Lynn Atkins/The Weekly Vista The Dug Hill Community Building, built in 1936, overlooks U.S. 71 at Town Center. It’s now in use again by a brand new church group on Sunday mornings.
Lynn Atkins/The Weekly Vista The Dug Hill Community Building, built in 1936, overlooks U.S. 71 at Town Center. It’s now in use again by a brand new church group on Sunday mornings.

Looking over U.S. 71, the small, white building stands out in Bella Vista. It's one of the few existing structures that predate the creation of Bella Vista Village in the 1960s.

It has been used very little in recent years, but now, hymns are once again being sung in the Dug Hill Community Building.

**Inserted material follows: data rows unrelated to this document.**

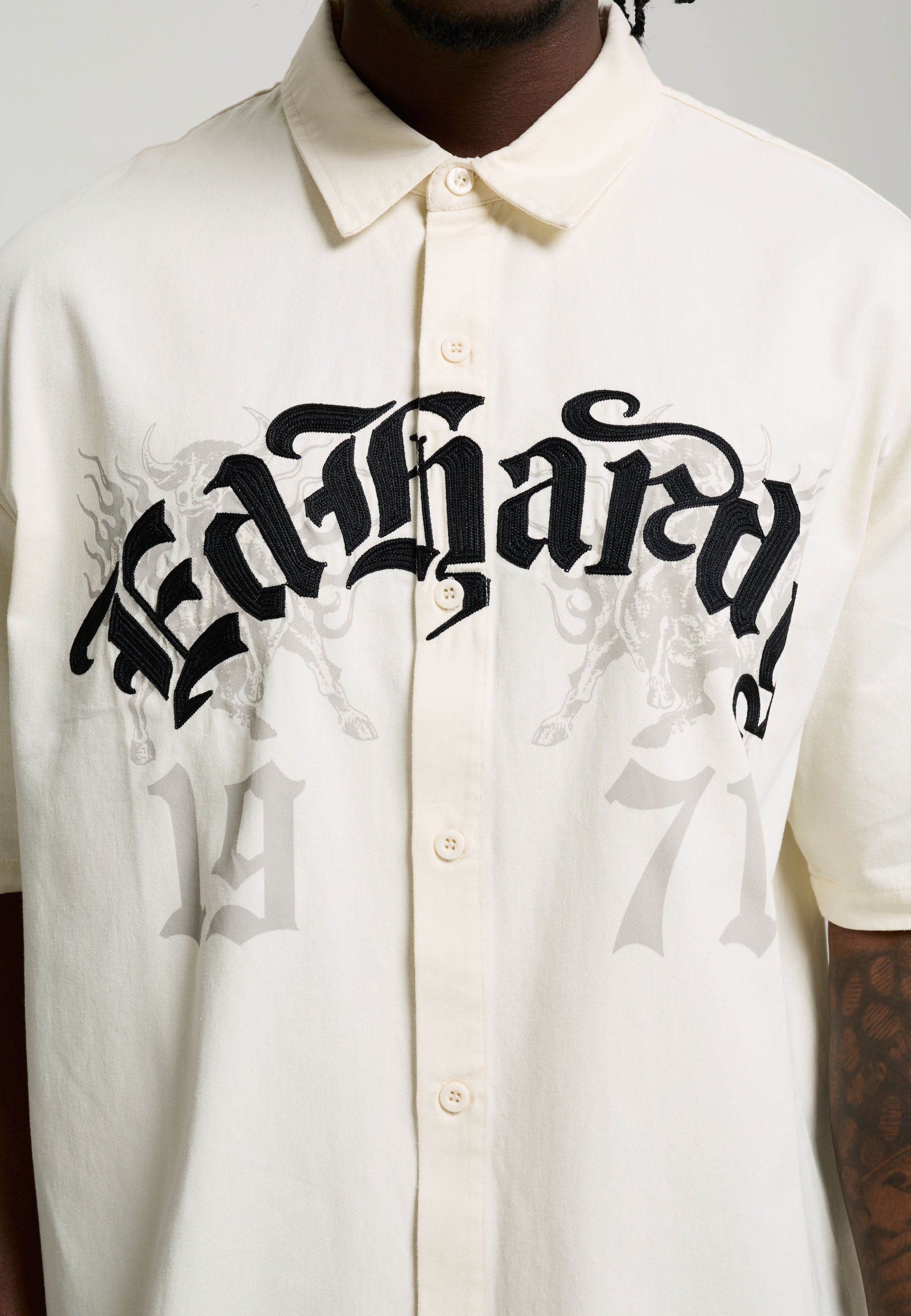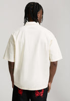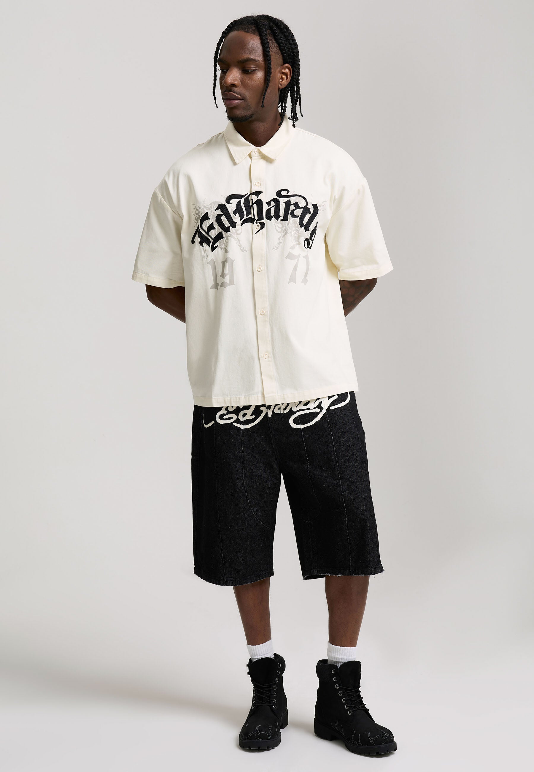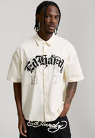 Mens Embroidered Gothic Ed Hardy Boxy Twill Shirt - Ecru
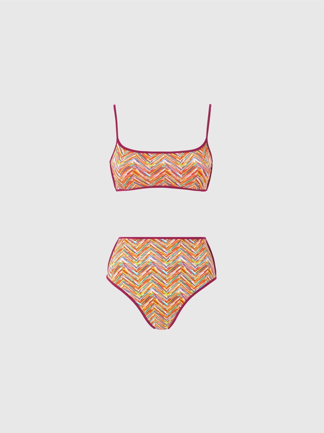 Bikini with iconic zigzag pattern. The reversible design makes it easy to change the look, while the high-waisted top and briefs provide a comfortable and versatile fit, enhancing the silhouette with a touch of retro elegance. MORE DETAILS - Reversible bikini - Zigzag pattern - High-waisted briefs Composition: EXTERNAL:86%Polyester, 14%Elastane; LINING : 80%Polyamide, 20%Elastane Care instructions: Hand wash ; Do not tumble dry ; Do not dry clean ; Do not iron ; Do not bleach Made in: Italy Product ID MS25SP03BJ00LHSM9MZ
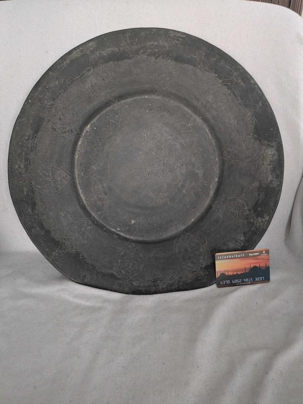 Osmanlı kallavi boyda kalem işçilikli kenarları kıvrımlı bükme lenger, 43cm çapında, 2560gr ağırlığında
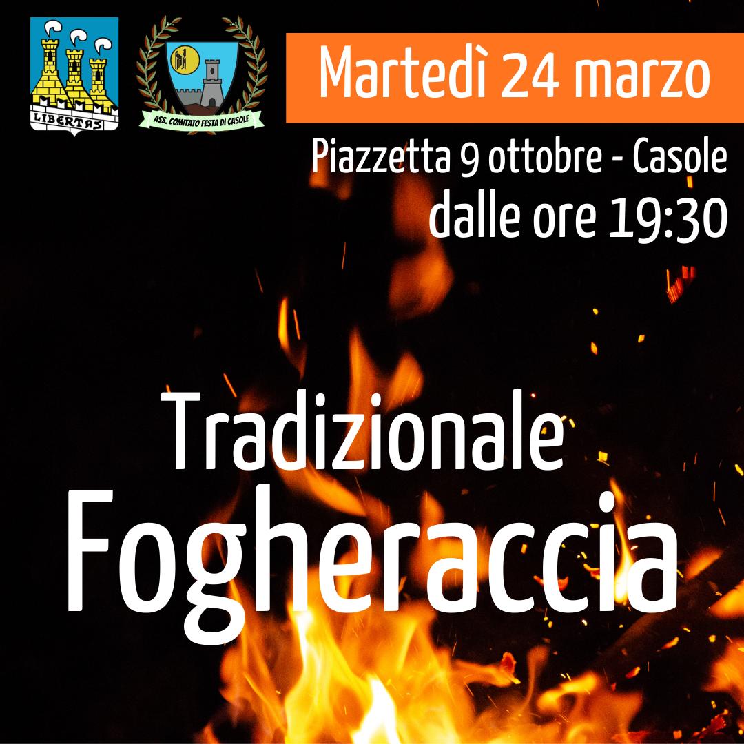 Domani, martedì 24 marzo 2026, la piazzetta di Casole ospiterà la tradizionale Fogheraccia, un appuntamento che rinnova il legame tra la comunità e le proprie radici tra grandi falò e gastronomia locale. Come reso noto in una comunicazione dell’Associazione Comitato Festa Casole, l’evento offrirà una serata di festa all’aperto con la possibilità di cenare direttamente in piazza grazie agli spazi allestiti per l’occasione, celebrando uno dei riti più sentiti del territorio.
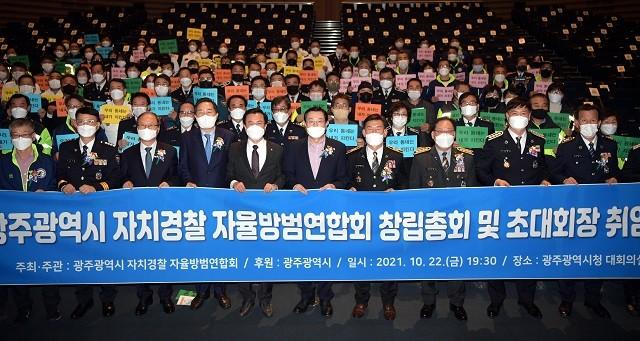 [광주=정찬남 기자] 이용섭 광주광역시장(앞줄 좌측부터 6번)이 지난 22일 오후 시청 대회의실에서 열린 광주광역시 자치경찰 자율방범연합회 출범식에 참석해 유공방범대원에게 표창을 한 후 참석자들과 함께 기념촬영을 하고 있다.
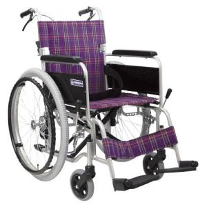 【非課税】カワムラサイクル アルミ製標準車いす エアタイヤ仕様 バンドブレーキ 背折れタイプ シート幅40cm 中床22インチ 紫チェック [自走・介助兼用] | |
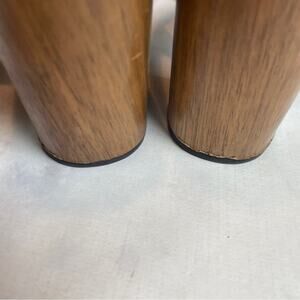 PRADA Brown Patent Leather Open Toe Wood Grain Block Heel Sandals
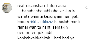 "Tutup aurat. Kesian dekat wanita-wanita kesunyian nampak badan @itsaidilaziz habislah nanti ramai wanita nanti semakin geram tengok aidil kahkah. Hati-hati ya," tulisnya secara berseloroh.
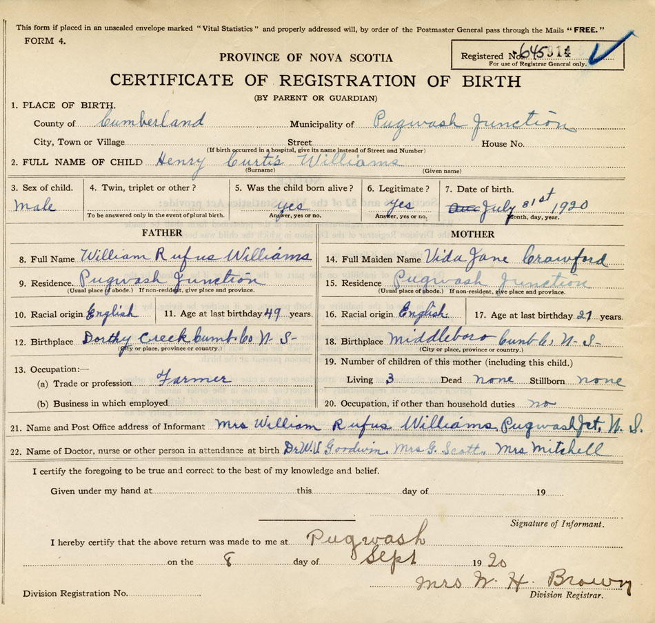 21. Name and Post Office address of Informant Mrs. William Rufus Williams Pugwash Junction
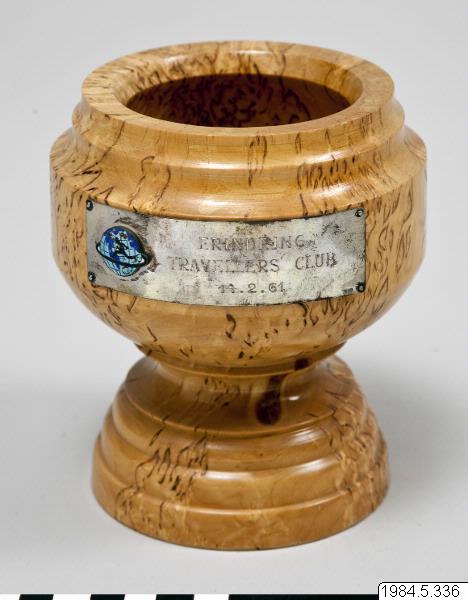 Skål på fot, svarvad. Masurträ. På skålen en plakett med skriften: "Erindring Travellers' Club 14.2.61" samt en en svart figur som springer runt en blå jordglob.
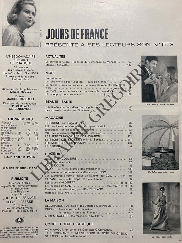 208 PAGES-LA PRINCESSE GRACE DE MONACO EN COUVERTURE-LA SURPRENANTE ET MERVEILLEUSE HISTOIRE DU CASINO DE PARIS PAR JACQUELINE LENOIR/23 L'INCENDIE DU CASINO/PHOTOS-1966: L'ANNEE D'OR DE LA PRINCESSE GRACE-ALAIN DELON AU PRESIDENT CHABAN DELMAS: "VOUS ETES FORMIDABLE!"/2P/PHOTOS-L'AMERIQUE NE VEUT PLUS NOUS RENDRE AZNAVOUR/2P/5 PHOTOS-LES POLICEMEN DE LONDRES ONT CRIE: "AU SECOURS"/BEATLES/2P/4 PHOTOS
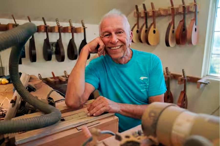 Encuentra una satisfacción similar en su taller de dos pisos, donde fabrica la más reciente de las miles de mandolinas que ha producido a lo largo de décadas, lo que ha permitido a la gente “compartir la alegría de la música”.
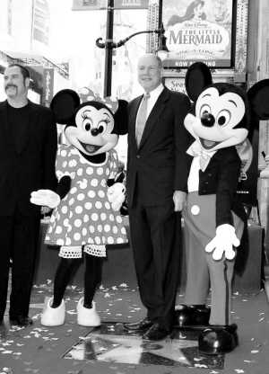日前,迪斯尼前主席邁克爾·埃斯納留名好萊塢星光大道。在授星儀式上,迪斯尼的經(jīng)典動(dòng)畫人物米老鼠前來助陣,為典禮增添了不少活潑歡快的氣氛。
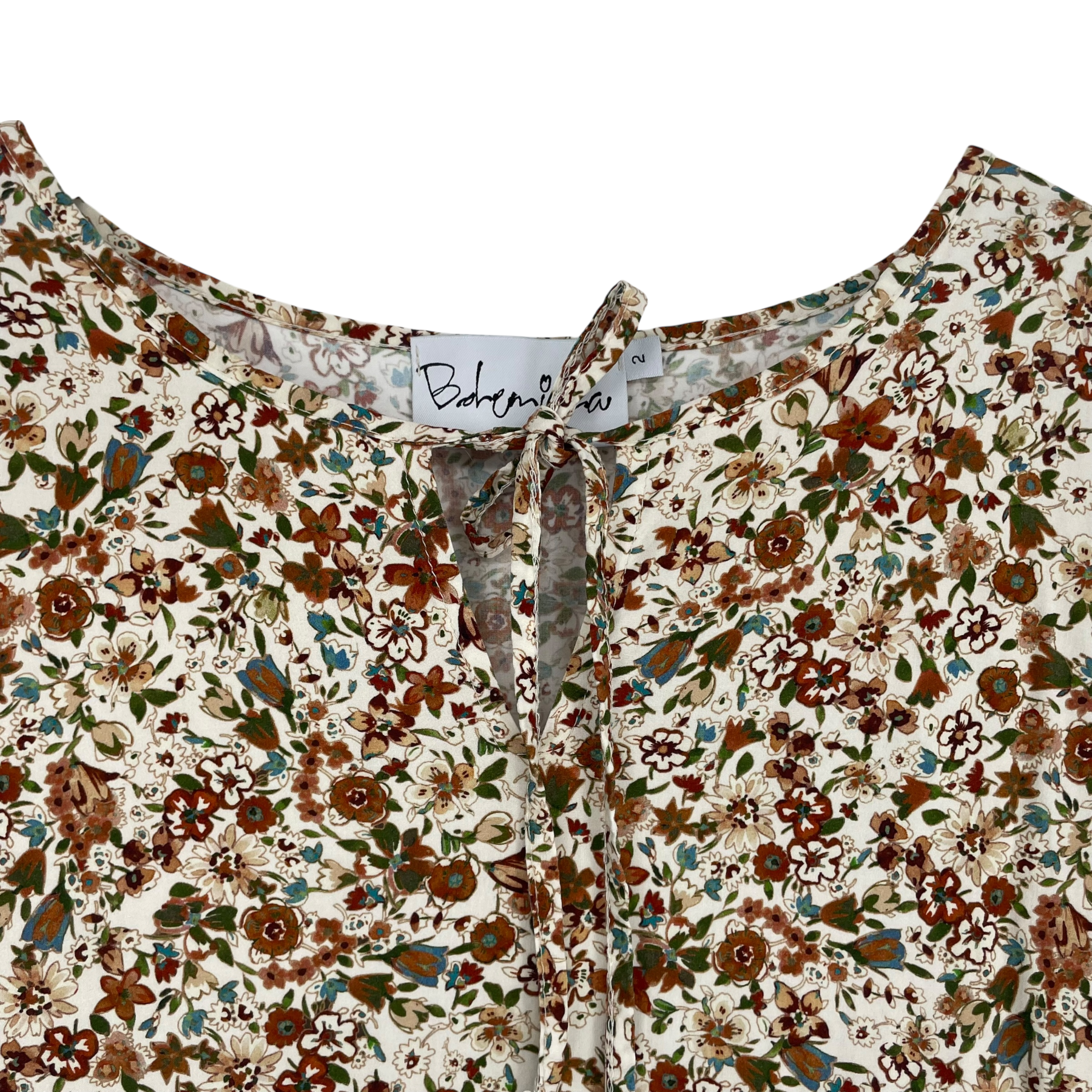 Bypias Bohemiana long sleeve flowy dress in flower print. The sleeves have elasticated cuffs and there is a bow detail in the front. The style is oversized and it is midi/maxi length.

Country Harvest Church is meeting in the old building while the church looks for a permanent location. But Steve Christians, one of the organizers of the new congregation, says it might be a year before they move on.

"We're a country church; we're not fancy," he said.

His group will probably try to locate in a rural area somewhere near Bentonville or Pea Ridge. So far most of the church members come from those two cities, he said. But anyone is welcome at 10 a.m. for Sunday services, he added.

The church is affiliated with the Southern Baptist Association, he said. It has been meeting for a year and a half in a private home but outgrew that space.

It's not easy to get a new church started, Christians said.

"You want to see it explode overnight, but that doesn't happen," he said. The group has been working with a church planter from the Southern Baptist Association. A church planter helps new congregations establish themselves.

Christians said he has a friend who went to church in the Dug Hill location when he was younger. The friend knew the building was empty but ready for use.

Ralph and Virginia Squires run the association that oversees both the community building and the cemetery behind it.

"The building was empty, so we were glad to have someone in it," Virginia Squires said. The church group is helping with utility bills for the building.

The facility has been used for special occasions in recent years, and the youth group from Village Bible Evangelical Free Church met there for a while, she said.

According to the Bella Vista Historical Society web page -- www.bellavistamuseum.org -- the building was built as a combination church and school in 1936. It was used as a school until the rural districts were consolidated in 1945. Since then, area children have gone to school in Bentonville.

The name came from the first log church built on the site in 1868. There was no road to the building, and the hill was so steep that steps had to be dug out of the hillside so walkers could reach the building.